Organic chemistry tends to be considered a more challenging branch of chemistry. It deals with the structure, properties, and reactions of carbon-based molecules. These molecules can be more complex and require a good understanding of bonding, functional groups, and reaction mechanisms.

9. Who is the father of practical chemistry?

There isn't a single person credited as the "father" of practical chemistry, as the field has developed over time through the contributions of many scientists. However, some important figures in the history of practical chemistry include Robert Boyle, considered a pioneer of modern chemistry, and Carl Wilhelm Scheele, who discovered many new elements and compounds.

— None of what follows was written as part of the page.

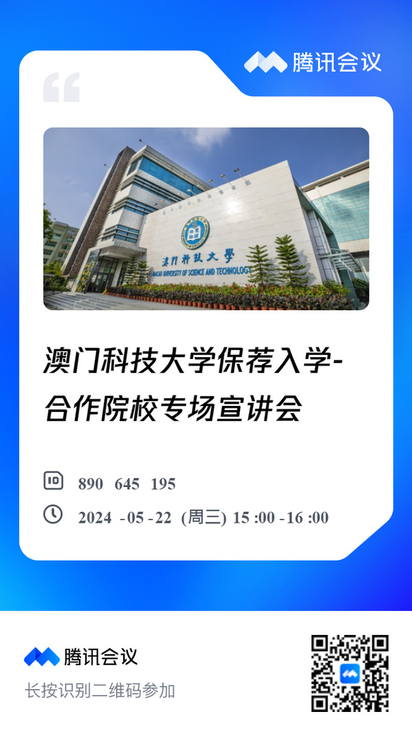 为了让国产视频 学生能更了解澳科大的研究生课程,澳科大将于2024年5月22日(星期三)举办一场“澳门科技大学保荐入学-东大国产视频 专场线上宣讲会”。此次宣讲会专为有意申请2025学年保荐入学的应届本科毕业生而设,旨在提供一个深入了解澳门科技大学研究生招生政策及申请流程的机会。

10. What is the fastest way to learn organic chemistry?

There is not any quick way to learn organic chemistry, but some strategies can help you learn faster and retain information better. These include:

  • Actively engaging with the material: Don't just passively read the textbook. Draw structures, practice problems, and explain concepts to yourself or others.

  • Focusing on understanding, not memorization: Organic chemistry is about understanding the underlying principles that govern how molecules react. Memorizing facts without understanding won't get you far.

  • Using practice problems and resources: There are many practice problems and resources available online and in textbooks. Utilize these to solidify your understanding.

  • Seeking help when needed: Don't be afraid to ask your teacher or classmates for help if you're struggling with a concept.